New options for hepatocellular carcinoma

“A large number of pipeline agents with innovative approaches are under investigation for adjuvant, intermediate, and advanced therapy [for hepatocellular carcinoma].” Mandana Emamzadeh of GlobalData

New options for hepatocellular carcinoma

The overall level of unmet need in hepatocellular carcinoma (HCC) is high due to its severity and low survival. However, the needs will soon be relatively well met, as many new liver cancer therapies entering the market have different mechanisms of action and are aiming to meet needs in different treatment settings, says GlobalData after reviewing the market and talking to key opinion leaders (KOLs) in the field.

According to the data and analytics company, the variety of pipeline products in the adjuvant setting (Barcelona clinic liver cancer [BCLC] Stage A), intermediate (BCLC Stage B), and advanced (BCLC Stages B and C) stages bring hope for improvements to the cure rate for early-stage disease and survival in all stages over the currently marketed therapies.

The five key unmet needs and opportunities in the HCC market are as follows: better HCC surveillance and prophylactic treatments, curative therapies in early-stage HCC, improved survival for intermediate-stage HCC, predictive biomarkers, and treatments for patients with impaired liver function.

KOLs interviewed by GlobalData noted that better HCC surveillance and prophylactic treatments are highly desirable since a delay in diagnosis puts the patient at risk for diagnosis of a higher BCLC stage, where they may be deemed ineligible for curative treatment options.
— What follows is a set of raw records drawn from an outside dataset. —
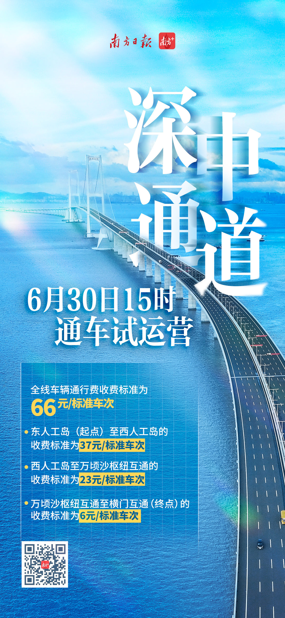 6月27日上午,深中通道管理中心召开的媒体通气会透露,深中通道预计6月30日正式开通,上午举行通车活动,下午3时通车试运营。届时,深圳与中山之间的通行时间将从2小时缩短至半小时内。
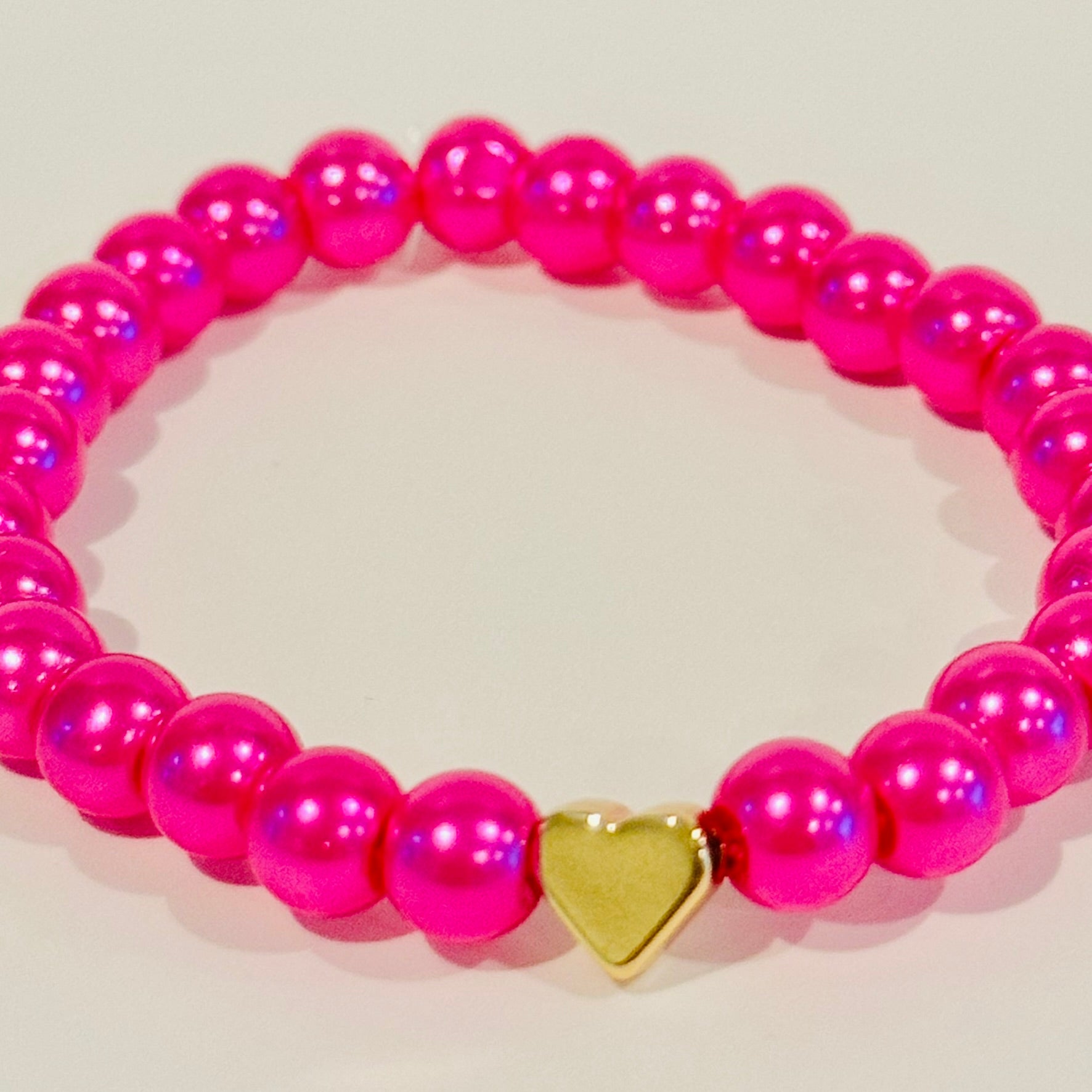 SEW pretty and matching a variety of outfits, these youth-sized bracelets have a 6" circumference and are made with a stretchy elastic band and using 6 mm glass crystal beads in a glossy hot pink color, and complete with a beautiful metallic gold heart at the center point.
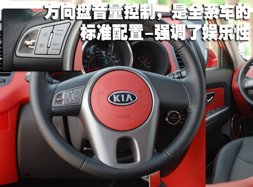 SOUL全系車型的方向盤上方都帶有一個音響控制按鈕,通過這個區域可以控制收音機、CD、MP3以及各個音樂模式之間的切換。強調娛樂性絕對是SOUL設計中最大的一個亮點。不過方向盤本身的造型還是比較普通,和剛剛上市的起亞福瑞迪很是相像。
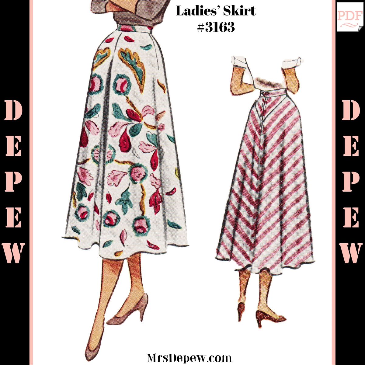 Vintage Sewing Pattern Ladies 1940s 1950s Skirt Multisize 3163 24 38 Waist Instant Download Pdf
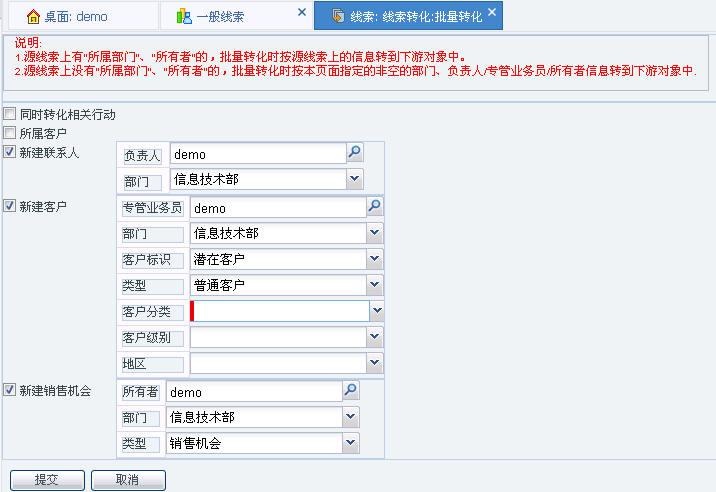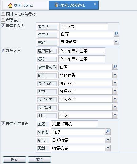 同时转化相关行动:选中此项后,转化联系人、客户、销售机会都能把源线索的相关行动带入到目标对象的相关行动中。
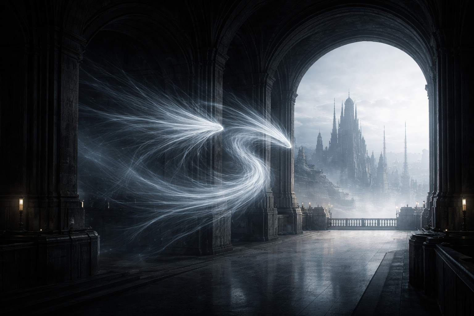 The Dragon moved through the upper halls with a strange and measured grace, its body carrying light not like flame, but like thought made visible. It passed beneath stone arches and along corridors lined with memory tablets and instruments of inquiry, until at last it came to rest upon the great balcony overlooking the city. There, old towers and signal masts stood together against the morning haze, as though one age had not yet fully yielded to the next.

“While other oncology indications experienced improved cure rates from adjuvant therapy, there are currently no adjuvant therapies available for HCC patients,” said Mandana Emamzadeh, a pharma analyst at GlobalData. “Current studies are investigating immuno-oncology (IO) agents alone or in combination with Avastin after ablation or resection as an adjuvant therapy, which is intended to reduce the recurrence rate of HCC.”

Furthermore, the pipeline products in the intermediate setting are aiming to combine IO agents, tyrosine kinase inhibitors, and angiogenesis inhibitors with transarterial chemoembolization (TACE). KOLs revealed that combining systemic therapies with TACE might improve TACE’s efficacy in comparison with TACE alone, but the exacerbated adverse effects should not be overlooked. 
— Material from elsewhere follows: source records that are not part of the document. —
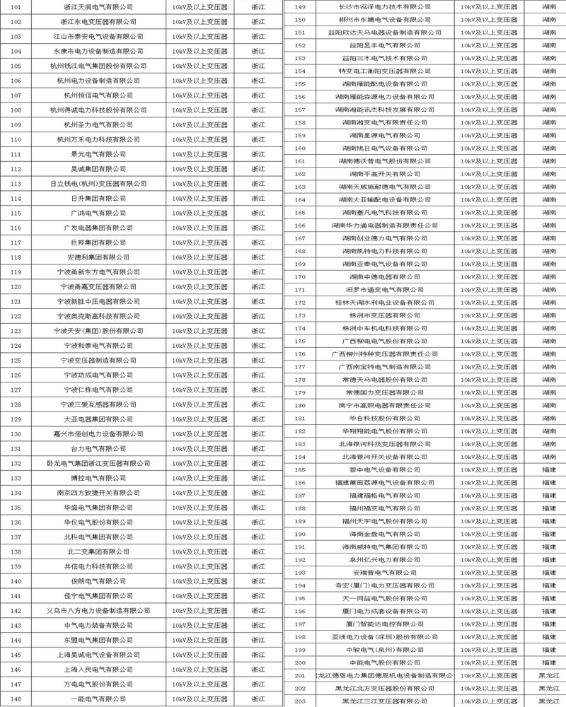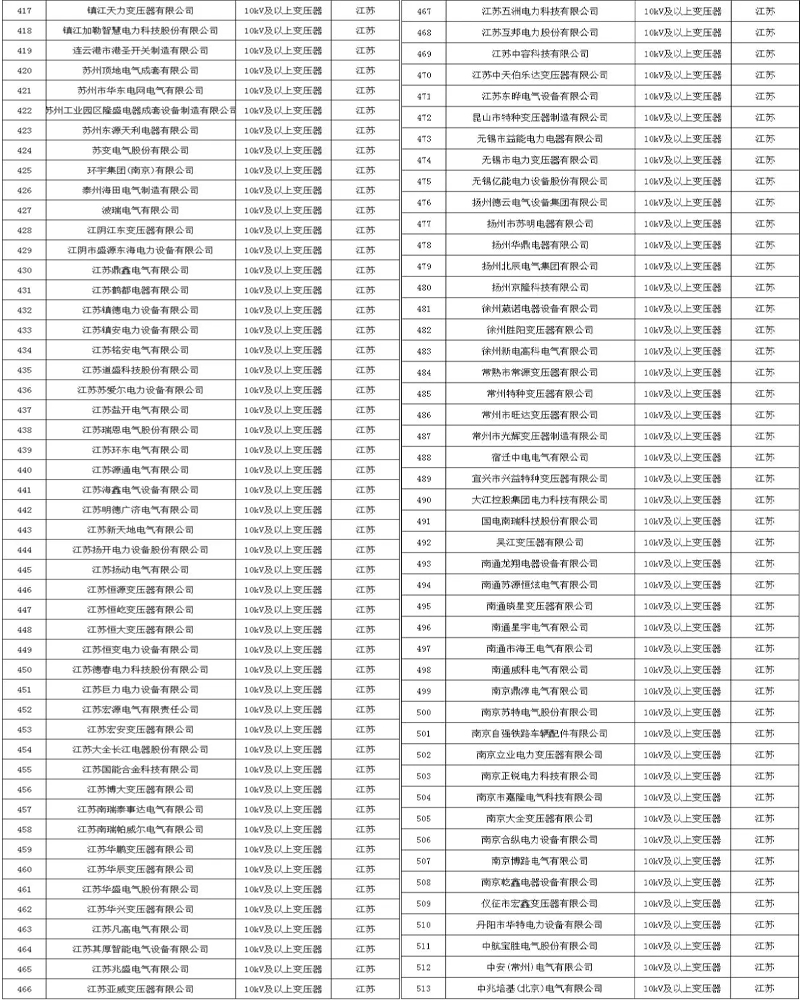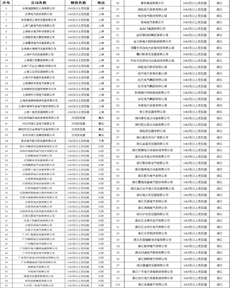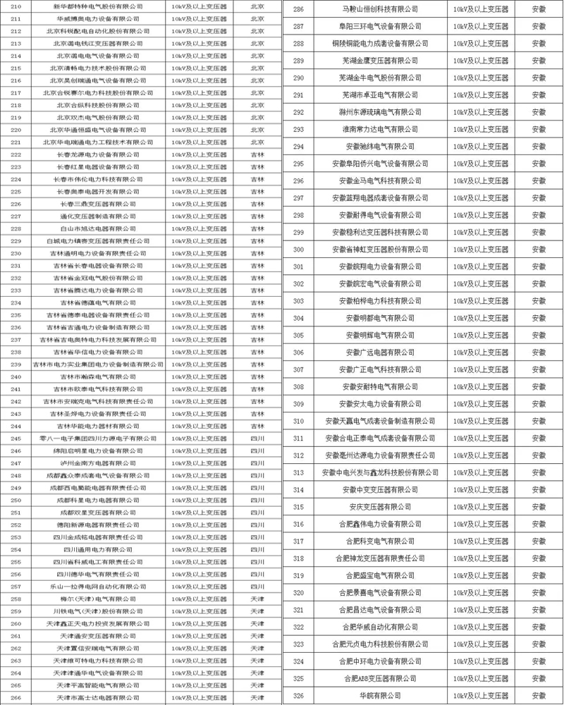 附各省市電力公司符合此次核實標準的變壓器企業(yè)名單:
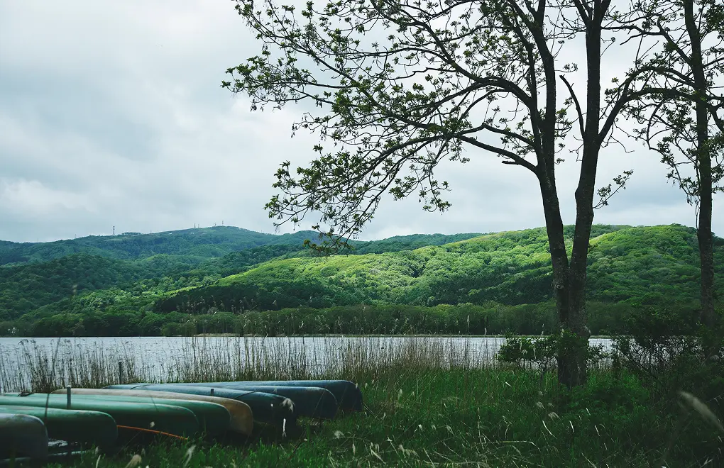 駒ケ岳を仰ぎ見る大沼には、神秘の静けさがあります。澄みきった湖面をゆったりと進むカヌー、そこには今なお野生味が溢れています。
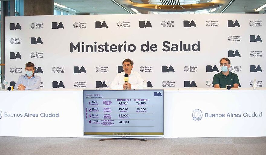 CIUDAD DE BUENOS AIRES (ANDigital) El ministro de Salud porteño, Fernán Quirós, junto al secretario de Atención Primaria, Gabriel Battistella, y el subsecretario de Planificación Sanitaria y Gestión en Red, Daniel Ferrante, dieron detalles este lunes sobre el avance del plan de vacunación contra el Covid-19
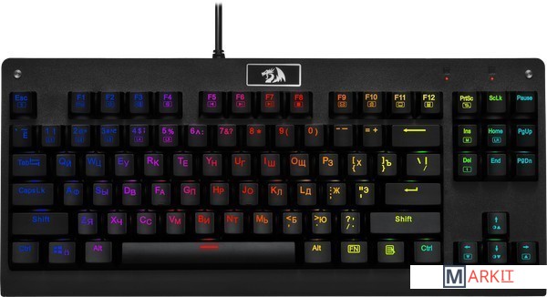 Программируемая RGB подсветкаПозолоченный USB-коннекторАппаратная блокировка клавиши WIN во время игрыЗвонкий звук / щелчок переключателейВлагоустойчивая конструкция клавиатурыКомбинации клавиш "Fn+F5" и "Fn+F6" позволяют выбрать оптимальный уровень яркости подсветки (100, 75, 50, 25%)Технология Double injectionСимволы не сотрутся, так как клавиши отлиты из двух цветов пластика: черный для области кнопки и белый/прозрачный для символов

In addition, more studies are required to evaluate the safety and efficacy of systemic therapy versus TACE and to investigate the replacement of TACE with the advanced HCC treatments for most, if not all, intermediate patients.
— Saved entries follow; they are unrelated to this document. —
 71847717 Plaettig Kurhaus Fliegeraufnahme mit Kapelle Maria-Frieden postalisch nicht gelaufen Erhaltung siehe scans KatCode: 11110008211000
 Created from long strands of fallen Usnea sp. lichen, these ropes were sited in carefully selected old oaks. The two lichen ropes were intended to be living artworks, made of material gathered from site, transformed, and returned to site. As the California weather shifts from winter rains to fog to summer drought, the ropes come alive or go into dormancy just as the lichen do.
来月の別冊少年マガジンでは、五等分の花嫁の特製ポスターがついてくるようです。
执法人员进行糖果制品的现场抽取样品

“A large number of pipeline agents with innovative approaches are under investigation for adjuvant, intermediate, and advanced therapy,” Emamzadeh noted. “However, KOLs asserted that the assignment of patients to a suitable therapy is not feasible with current methods. Therefore, new biomarkers are urgently needed to select the most appropriate treatment for each individual HCC patient. GlobalData anticipates that the opportunities will remain for further biomarkers to predict high responders.”